- Exercise
Would you print every entry below exactly as written, omitting the images?

Collected data entries
#####
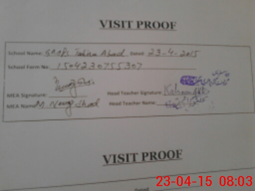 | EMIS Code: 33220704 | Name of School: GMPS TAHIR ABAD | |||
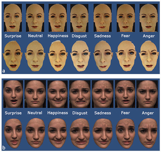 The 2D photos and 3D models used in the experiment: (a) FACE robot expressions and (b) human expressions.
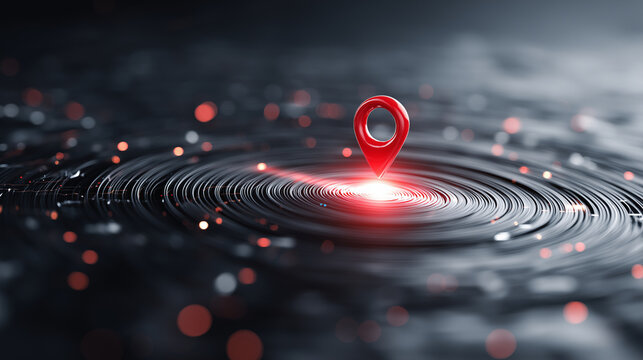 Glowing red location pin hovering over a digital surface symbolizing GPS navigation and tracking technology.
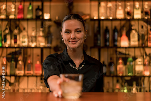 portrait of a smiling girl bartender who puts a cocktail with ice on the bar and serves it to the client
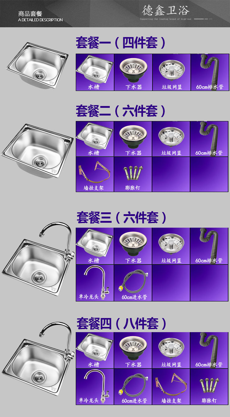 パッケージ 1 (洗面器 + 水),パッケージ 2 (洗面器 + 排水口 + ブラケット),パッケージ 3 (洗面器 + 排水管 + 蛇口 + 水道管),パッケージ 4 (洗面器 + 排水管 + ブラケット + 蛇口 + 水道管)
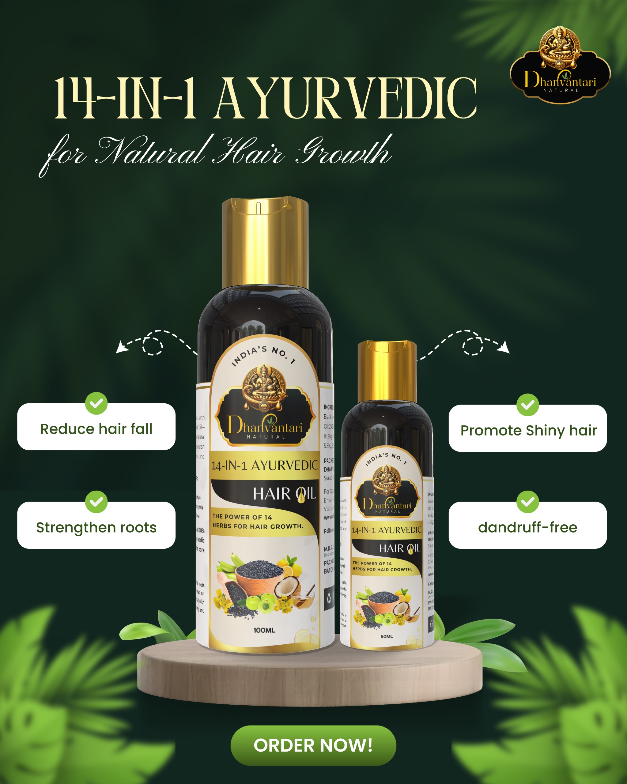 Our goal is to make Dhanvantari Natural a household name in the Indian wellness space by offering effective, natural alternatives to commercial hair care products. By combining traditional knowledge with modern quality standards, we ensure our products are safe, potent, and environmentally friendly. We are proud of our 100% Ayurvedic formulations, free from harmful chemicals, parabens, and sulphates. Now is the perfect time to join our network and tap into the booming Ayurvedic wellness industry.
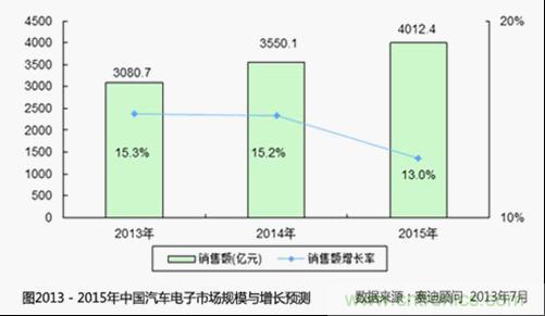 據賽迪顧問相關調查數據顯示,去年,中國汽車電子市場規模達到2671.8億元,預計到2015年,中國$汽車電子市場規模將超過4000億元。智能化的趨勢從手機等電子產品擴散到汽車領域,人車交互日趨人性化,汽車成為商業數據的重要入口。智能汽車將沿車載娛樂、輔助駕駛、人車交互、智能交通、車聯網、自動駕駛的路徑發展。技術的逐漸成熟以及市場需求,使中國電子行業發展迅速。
#####
- Output for this exercise
 | EMIS Code: 33220704 | Name of School: GMPS TAHIR ABAD | |||
 The 2D photos and 3D models used in the experiment: (a) FACE robot expressions and (b) human expressions.
 Glowing red location pin hovering over a digital surface symbolizing GPS navigation and tracking technology.
 portrait of a smiling girl bartender who puts a cocktail with ice on the bar and serves it to the client
 パッケージ 1 (洗面器 + 水),パッケージ 2 (洗面器 + 排水口 + ブラケット),パッケージ 3 (洗面器 + 排水管 + 蛇口 + 水道管),パッケージ 4 (洗面器 + 排水管 + ブラケット + 蛇口 + 水道管)
 Our goal is to make Dhanvantari Natural a household name in the Indian wellness space by offering effective, natural alternatives to commercial hair care products. By combining traditional knowledge with modern quality standards, we ensure our products are safe, potent, and environmentally friendly. We are proud of our 100% Ayurvedic formulations, free from harmful chemicals, parabens, and sulphates. Now is the perfect time to join our network and tap into the booming Ayurvedic wellness industry.
 據賽迪顧問相關調查數據顯示,去年,中國汽車電子市場規模達到2671.8億元,預計到2015年,中國$汽車電子市場規模將超過4000億元。智能化的趨勢從手機等電子產品擴散到汽車領域,人車交互日趨人性化,汽車成為商業數據的重要入口。智能汽車將沿車載娛樂、輔助駕駛、人車交互、智能交通、車聯網、自動駕駛的路徑發展。技術的逐漸成熟以及市場需求,使中國電子行業發展迅速。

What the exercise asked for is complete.